Jorden's eyes snapped open.
He lay perfectly still, staring at the ceiling. He turned his head slowly toward the wall, looking in the direction of the music room. His chest heaved once, his dark eyes wide with an overwhelming shock and a desperate, almost terrifying hope. The revelation was too massive to accept blindly, causing every muscle in his body to pull tight as he began to violently reevaluate everything he knew about this supposed monster.

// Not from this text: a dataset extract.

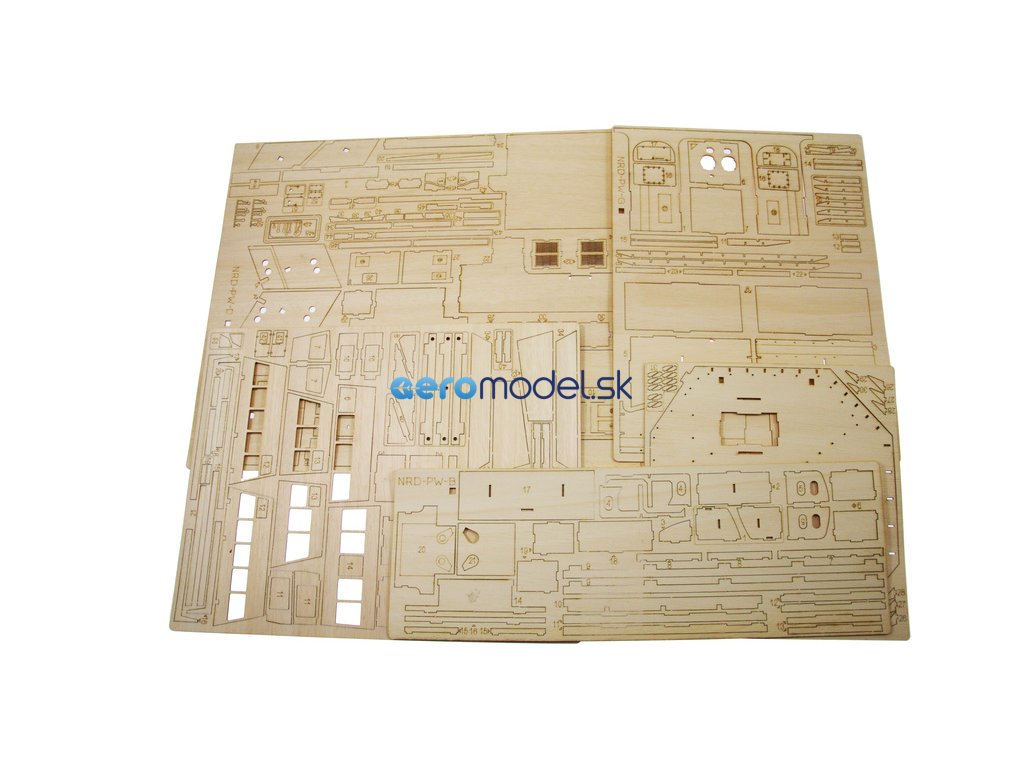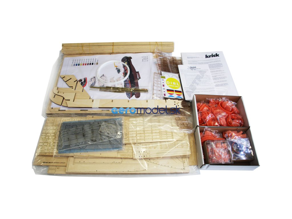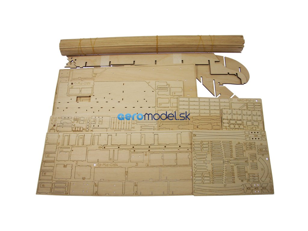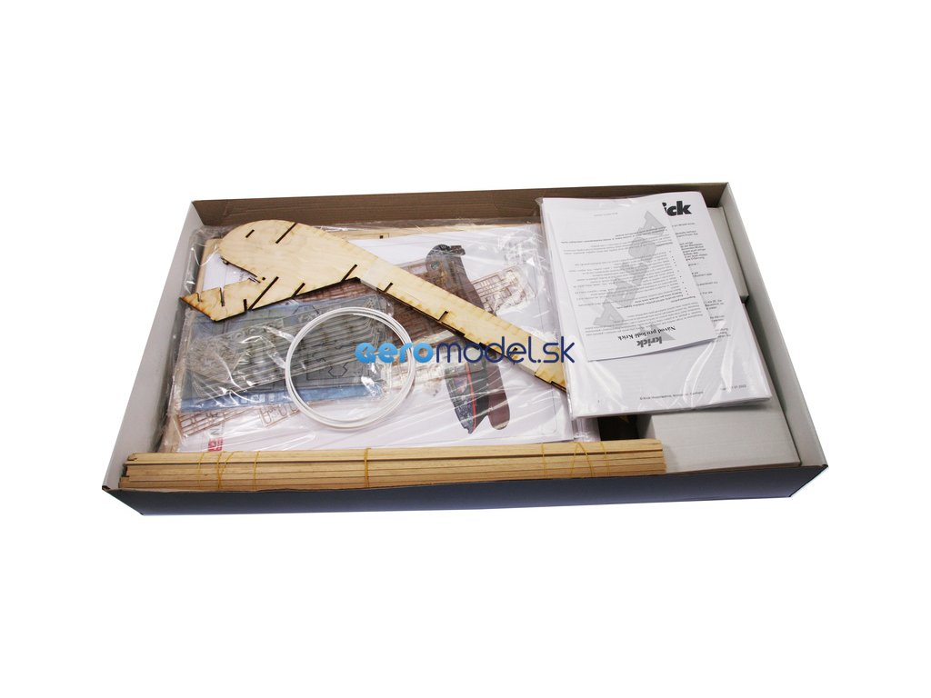 Po otevření víka krabice naleznete dřevěné díly modelu z překližky, sadu lišt, drobné součásti uzavřené v sáčcích, sadu výkresů a manuál.

In the music room, Diana hit the final chord. Exhaustion crashed over her like a physical wave. She rested her head against the wooden music stand and fell into a deep, dreamless sleep.
Hours later.
The morning sun pierced through the Manhattan smog, casting sharp shadows across the piano keys.
Diana's iPhone, resting on the piano lid, erupted.
The shrill, aggressive ringtone shattered the quiet. It vibrated violently against the wood.
Diana jolted awake, her heart leaping into her throat. She rubbed her numb arm and snatched the phone.
"Hello?"
"What the hell did you do?!"
The hysterical scream of Amanda, the family's Chief PR Director, nearly blew out Diana's eardrum.
"Open Twitter! Right now!" Amanda yelled.
Diana's stomach plummeted. She hung up, her thumb quickly tapping the blue bird icon.
There it was. The number one trending topic in the United States, marked with a glaring red tag:
McConnellFakeHeiress
Diana clicked the hashtag. The top post was an audio file. It was a crystal-clear recording of her voice on the terrace yesterday: "I am the fake. I am the one who was switched at birth."
The account was anonymous. "TruthSeekerNYC."
The comments were a bloodbath. Thousands of people were tearing her apart, calling her a parasite, a thief, a fraud. Someone had already photoshopped her face onto a rat eating out of a diamond bowl.
Worse, the official Wall Street Journal account had just retweeted the audio with a caption questioning the integrity of the McConnell Group's corporate governance.
Diana quickly tapped open her news aggregator app. The top financial headline screamed at her in bold, unforgiving letters: McConnell Group Faces Catastrophic Trust Crisis Amidst Heiress Scandal; Shares Expected to Plummet at Opening Bell. She didn't need to see the exact numbers to know millions of dollars were about to be wiped out in minutes.
Diana stared at the glaring headline, her jaw clenched tight. This wasn't just Candice posting a video. This was a coordinated, heavily funded smear campaign.
Heavy footsteps thudded outside the music room. The door swung open.
The butler stood there, his face ashen.
"Miss Diana," he said, his voice shaking. "Mr. McConnell is flying back from London. He is furious."
The butler swallowed hard. "And... Mrs. Vance and her son are in the living room. They are demanding to see you immediately."
Diana's fingers tightened around her phone. The Vance family. Her fiancé.
The executioners had arrived.
She stood up, smoothing the wrinkles out of her skirt. Her eyes hardened into cold chips of ice. She walked out the door.